Много еще чего мог сказать Андрей об этих следах и о человеке, их оставившем. Но он сохранил это на потом, а пока, повнимательней оглядевшись вокруг, сошел с тропинки шагов на десять-пятнадцать в одну и в другую сторону в надежде обнаружить следы встречные, ведущие в Кувшинки. Но их не было. Значит, человек либо вообще не заходил в село, которое нисколько его не занимало, либо шел откуда-то издалека все время в одном и одном направлении, метя на пристань и реку.

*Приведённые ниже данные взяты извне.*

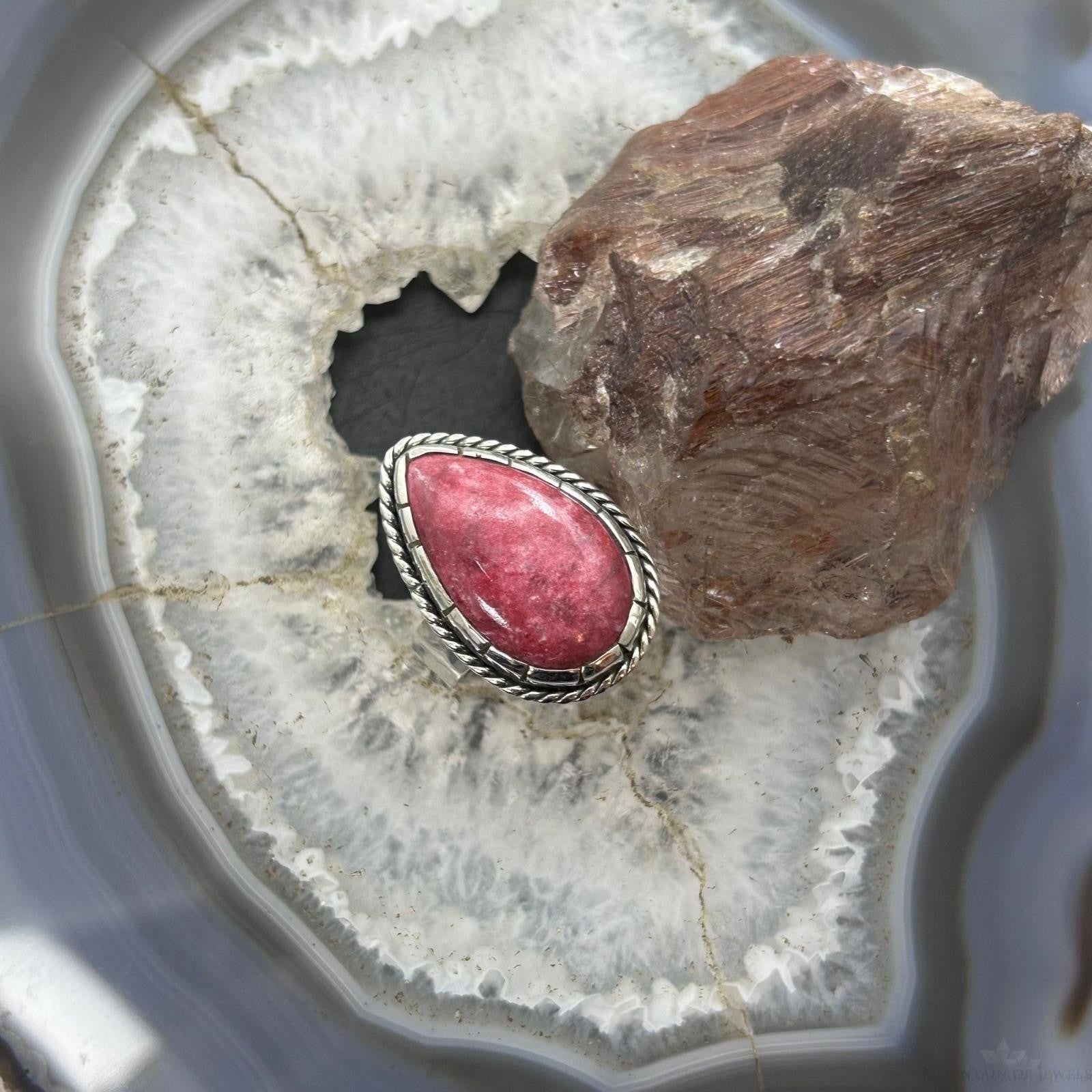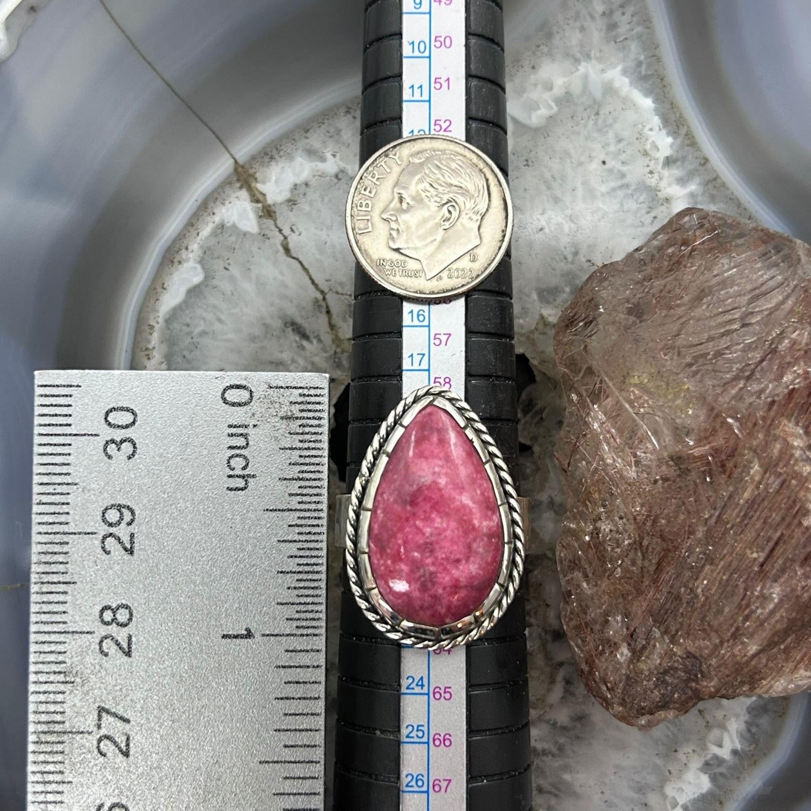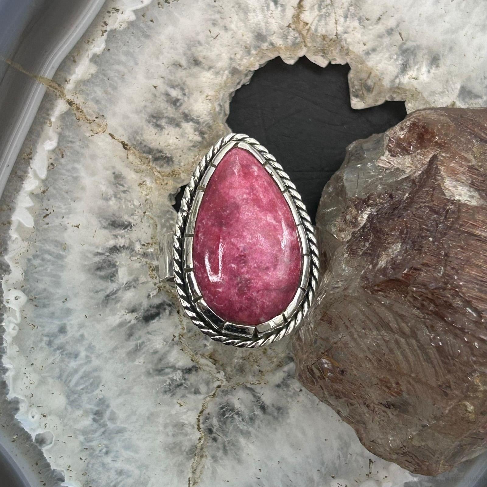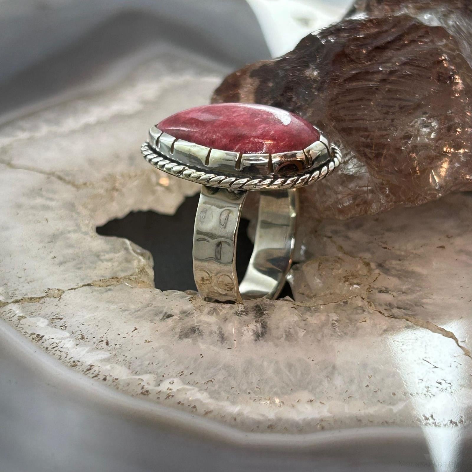 Sterling Silver Southwestern Style Teardrop Thulite Ring Size 9.75 For Women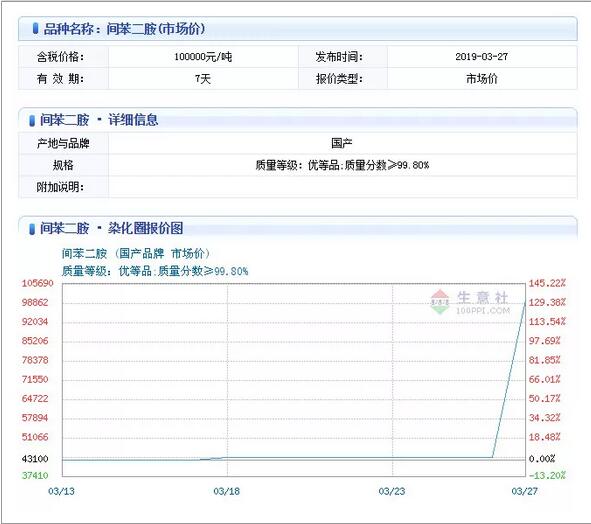 圖表來源:生意社 有關人士指出,爆炸事故發生之前間苯二胺的市場價格位于4.5萬元/噸至5萬元/噸之間。但事故后兩天,市場間苯二胺價格飛漲到8-9萬元/噸。 統計顯示,3月27日國產間苯二胺的報價已達到約10萬元/噸。3月27日,浙江龍盛集團股份有限公司發布公告稱,3月21日下午發生爆炸的江蘇天嘉宜化工有限公司,擁有間苯二胺年產能1萬噸,是行業內僅次于浙江龍盛的第二大核心生產工廠。此次爆炸事件將影響間苯二胺約25%的市場容量,直接導致供應短缺、價格上漲。 國內間苯二胺的主要生產企業包括浙江龍盛、天嘉宜化工和四川紅光化工有限公司(下稱“四川紅光”),其中浙江龍盛產能6.5萬噸,天嘉宜產能1.7萬噸,四川紅光產能未達萬噸。天嘉宜化工爆炸事件之后,四川紅光亦處于停產狀態。目前,浙江龍盛國內間苯二胺唯一的較大供貨商。 苯二胺是重要的染料中間體,主要用作染料中間體,用于制造堿性橙、堿性棕G、直接耐曬黑G等染料,并用作毛皮染料。主要用于芳綸、偶氮染料、硫化染料、酸性染料等。 業內人士分析指出,間苯二胺行業集中難度高。目前國內間苯二胺格局:浙江龍盛6.5萬噸(實際產量在7萬噸左右,自用4萬噸),天嘉宜1萬噸,四川紅光1萬噸。浙江龍盛的市占率在80%左右。浙江龍盛的間苯二胺外售三個方向:染料企業、杜邦(與公司簽訂10年采購合約)、國內生產芳綸1313的企業(一噸芳綸0.5噸間苯二胺)。 間苯二酚價格上升 供需失衡或將傳導致下游間苯二酚及分散染料。間苯二酚是間苯二胺的下游產品,1噸間苯二酚需消耗1.2噸間苯二胺,可應用于紫外線吸收劑,輪胎膠粘劑等領域。 間苯二酚全球僅有兩家生產企業:浙江龍盛(3萬噸)、日本住友(3萬噸)。原英德斯佩克化學公司(美國北方化學旗下)之前也生產,住友收購英德斯佩克化學公司后已將其于17年9月份關閉。預計間苯二胺價格的上漲也會推動間苯二酚價格的上升。 而間苯二胺也是偶氮類分散染料的重要中間體之一,涉及間苯二胺原材料的分散染料占全部分散染料的50%左右,上述涉及的染料中,間苯二胺占全部成本的20-30%,預計間苯二胺的供應緊張或將傳導致分散染料的價格上漲。 液氯價格大幅上行 近幾天,液氯出廠價上調150-300元/噸,出廠價在50-350元/噸左右,市場價上調75-125元/噸,市場價在50-325元/噸。今日漲幅高達197.03%,在漲跌榜中排行NO.1!

Андрей решил проверить, так ли это. Ведя велосипед за руль, словно оседланного коня в поводу, он двинулся пешим ходом вдоль тропинки, опасаясь порушить неожиданно возникшие эти следы или потерять их из виду.
Собираясь в отшельничество, Андрей ни разу не подумал о том, что в Кувшинках и окрест их могут обретаться еще какие-нибудь люди. Если бы подумал, то, может быть, и не забрался бы сюда, в опасную, безжизненную зону. Уж кого-кого, а людей, человеков он хотел видеть меньше всего, поэтому и бежал. Ему хорошо и покойно одному в родительском наследном доме, где есть все необходимое для жизни: ключевая вода в колодце, семенное просо в амбаре, сад, кузница, баня, омшаник, обжигная гончарная яма – только приложи как следует руки, и все сразу оживет, наполнится великим смыслом. В доме есть родовые иконы с серебряной печальной лампадкой перед ними, библиотека, патефон, лучшие из лучших собеседников, отрада Андреева и вера. Есть и живые души – два аиста перед домом, Товарищ и Подруга, которые денно и нощно несут охрану на высокой вековой сосне, видят все далеко окрест и, если случится там какая опасность, немедленно донесут о том Андрею встревоженным сторожевым клекотом.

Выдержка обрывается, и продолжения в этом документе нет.